They shall beat their swords into ploughshares,
and their spears into pruning-hooks;
nation shall not lift up sword against nation,
neither shall they learn war any more.
Peacemaking lies at the heart of the biblical story and remains a central Christian vocation. The Joint Public Issues Team want to see a world which actively works for peace, and to offer alternative approaches to violence. Our work examines the shifting challenges to peace which the world faces and responds to Jesus’s call that we might be peacemakers in our communities and our world.
Peacemaking – A Christian Vocation
Jesus calls us to be peacemakers, both in terms of preventing bloodshed, and building constructive links with God, ourselves, and other people.
In 2006 the Methodist and United Reformed Churches produced a report titled Peacemaking: A Christian Vocation. It remains our core resource exploring a Christian perspective on peace and conflict in the context of new challenges
TPNW reaches 50th ratification!
We’re really excited that the Treaty on the Prohibition of Nuclear Weapons has reached its fiftieth ratification and will pass into legal force in January 2021.
Read more about the TPNW and what this means for nuclear weapons here.
Defence and Foreign Policy Integrated Review
JPIT submitted evidence to the UK Government’s integrated review of security, defence, foreign policy, and development. We advocated for peaceful international relations and that the Government would go beyond traditional militaristic views of defence, especially in the wake of the Foreign Office and Department for International Development being merged earlier this year.
The Arms Trade
The UK is one of the world’s largest exporters of arms, and the UK Government is keen for us to grow even more, competing for the accolade of being the world’s second largest arms exporter alongside Russia, China, and France.
For many Christians, this conflicts with the idea of being peacemakers and proactively preventing conflict. There has been a history of Christian resistance and protest around the issue of the arms trade.
The UK is one of just nine countries who maintain a nuclear arsenal worldwide, and there are more than 15,000 nuclear weapons stored worldwide.
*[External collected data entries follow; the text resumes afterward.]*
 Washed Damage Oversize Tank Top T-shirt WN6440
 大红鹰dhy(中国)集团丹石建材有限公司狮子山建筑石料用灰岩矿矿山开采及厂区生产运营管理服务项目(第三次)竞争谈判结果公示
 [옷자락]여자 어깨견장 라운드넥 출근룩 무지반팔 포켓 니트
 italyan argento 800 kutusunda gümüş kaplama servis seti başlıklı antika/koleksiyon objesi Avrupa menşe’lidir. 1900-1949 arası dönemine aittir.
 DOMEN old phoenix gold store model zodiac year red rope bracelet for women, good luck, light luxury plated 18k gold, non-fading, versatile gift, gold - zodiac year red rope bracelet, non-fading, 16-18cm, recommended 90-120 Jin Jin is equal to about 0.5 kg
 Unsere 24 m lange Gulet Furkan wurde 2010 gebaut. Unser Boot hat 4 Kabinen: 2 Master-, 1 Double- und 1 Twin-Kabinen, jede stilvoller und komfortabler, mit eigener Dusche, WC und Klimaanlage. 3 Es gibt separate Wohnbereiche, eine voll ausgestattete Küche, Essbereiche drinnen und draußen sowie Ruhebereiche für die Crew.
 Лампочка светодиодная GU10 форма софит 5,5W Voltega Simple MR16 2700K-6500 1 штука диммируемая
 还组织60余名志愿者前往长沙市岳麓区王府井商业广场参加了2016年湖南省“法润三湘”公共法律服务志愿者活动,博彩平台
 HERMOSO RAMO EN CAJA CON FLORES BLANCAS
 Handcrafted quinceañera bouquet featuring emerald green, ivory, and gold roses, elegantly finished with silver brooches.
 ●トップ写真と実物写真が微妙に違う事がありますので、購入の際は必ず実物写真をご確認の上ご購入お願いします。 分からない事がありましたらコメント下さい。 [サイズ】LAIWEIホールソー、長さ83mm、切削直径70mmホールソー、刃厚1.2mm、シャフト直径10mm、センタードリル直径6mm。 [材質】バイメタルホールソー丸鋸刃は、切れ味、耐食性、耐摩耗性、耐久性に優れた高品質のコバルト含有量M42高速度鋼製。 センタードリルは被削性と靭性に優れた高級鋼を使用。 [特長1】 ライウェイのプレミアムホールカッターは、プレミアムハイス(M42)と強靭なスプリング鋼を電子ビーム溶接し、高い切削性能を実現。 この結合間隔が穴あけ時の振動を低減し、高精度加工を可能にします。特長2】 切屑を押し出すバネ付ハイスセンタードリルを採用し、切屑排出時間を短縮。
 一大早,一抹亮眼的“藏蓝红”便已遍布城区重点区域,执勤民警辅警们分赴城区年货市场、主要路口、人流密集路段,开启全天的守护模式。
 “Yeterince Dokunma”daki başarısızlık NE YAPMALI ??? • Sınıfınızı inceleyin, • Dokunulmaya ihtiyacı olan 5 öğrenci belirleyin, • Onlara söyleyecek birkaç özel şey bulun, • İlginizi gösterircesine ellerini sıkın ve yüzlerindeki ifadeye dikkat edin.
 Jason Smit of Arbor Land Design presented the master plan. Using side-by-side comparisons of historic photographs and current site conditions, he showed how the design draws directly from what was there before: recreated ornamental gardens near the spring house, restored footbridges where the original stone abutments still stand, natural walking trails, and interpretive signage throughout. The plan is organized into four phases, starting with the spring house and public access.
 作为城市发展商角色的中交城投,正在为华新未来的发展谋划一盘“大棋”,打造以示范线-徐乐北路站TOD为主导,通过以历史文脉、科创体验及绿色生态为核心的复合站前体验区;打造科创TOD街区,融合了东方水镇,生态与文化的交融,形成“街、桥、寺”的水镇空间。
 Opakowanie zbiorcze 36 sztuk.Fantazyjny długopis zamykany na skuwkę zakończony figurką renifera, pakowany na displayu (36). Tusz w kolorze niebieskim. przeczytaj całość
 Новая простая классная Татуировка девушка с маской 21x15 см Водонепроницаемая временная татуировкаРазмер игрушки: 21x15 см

Needless to say, the use of these weapons would be catastrophic. Sustaining the threat of indiscriminate destruction is totally contrary to the peace to which Christ calls us.
Nuclear Ban Treaty
There is a global movement seeking to introduce a ban on the possession and use of nuclear weapons. Throughout 2017, the United Nations held negotiations to create a legal framework for the prohibition and elimination of nuclear weapons. Our churches have long held the position that nuclear weapons are a critical moral issue of our time, so we welcomed the Treaty on the Prohibition of Nuclear Weapons.
The Treaty has now reached 50 ratifications and so will pass into legal force in January! Signatories cannot possess or use nuclear weapons or engage in any kind of nuclear weapons-related activities.
Trident is the UK’s nuclear weaponry programme. It covers four submarines and the nuclear warheads which are stored on them.
The Baptist Union of Great Britain, the Methodist Church, the URC and the Church of Scotland have all been outspoken in their opposition of Trident, especially in 2016, when MPs voted to replace and renew Trident. Given that the UK has committed to pursuing disarmament as part of the Non-Proliferation Treaty, renewal of Trident is incompatible with the UK’s desire to encourage global nuclear disarmament.
In addition to serious moral and ethical concerns, there are serious economic and security arguments against Trident.
Drones are unmanned aerial vehicles, and they’ve been a hot topic in the news for several years. These cost-efficient combat machines are used regularly in conflicts by the UK and the USA and they are changing the dynamics of international relations.
In the US the CIA, a civilian agency, has carried out lethal drone strikes which contravenes conventional interpretations of international law and sets a dangerous new precedent. We have investigated the possibility that readily available drones make recourse to military intervention more likely, as well as other ethical and legal implications of drone usage.